Directions for this task
Only the lines from the one containing "Element mocujący Weidmüller" to the end of the listing below should be returned, exactly as written and without pictures.

Available data
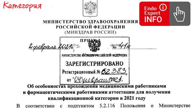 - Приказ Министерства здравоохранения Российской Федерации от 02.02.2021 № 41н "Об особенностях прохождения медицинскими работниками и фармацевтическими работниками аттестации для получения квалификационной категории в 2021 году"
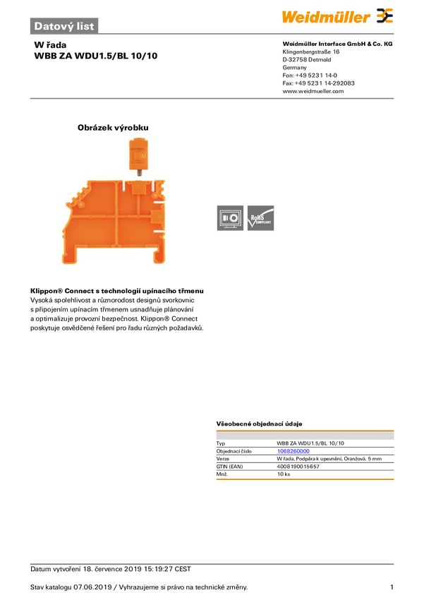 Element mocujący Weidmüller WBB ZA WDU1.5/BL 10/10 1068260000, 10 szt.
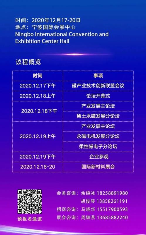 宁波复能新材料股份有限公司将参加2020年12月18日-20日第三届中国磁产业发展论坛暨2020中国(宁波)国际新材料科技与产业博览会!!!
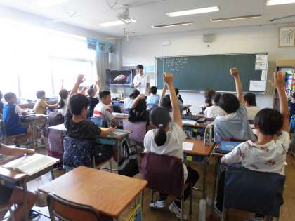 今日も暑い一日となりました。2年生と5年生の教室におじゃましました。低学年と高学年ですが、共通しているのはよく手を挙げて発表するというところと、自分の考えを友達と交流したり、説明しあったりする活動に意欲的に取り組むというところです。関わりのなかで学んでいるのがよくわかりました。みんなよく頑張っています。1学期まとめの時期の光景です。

Task solution
 Element mocujący Weidmüller WBB ZA WDU1.5/BL 10/10 1068260000, 10 szt.
 宁波复能新材料股份有限公司将参加2020年12月18日-20日第三届中国磁产业发展论坛暨2020中国(宁波)国际新材料科技与产业博览会!!!
 今日も暑い一日となりました。2年生と5年生の教室におじゃましました。低学年と高学年ですが、共通しているのはよく手を挙げて発表するというところと、自分の考えを友達と交流したり、説明しあったりする活動に意欲的に取り組むというところです。関わりのなかで学んでいるのがよくわかりました。みんなよく頑張っています。1学期まとめの時期の光景です。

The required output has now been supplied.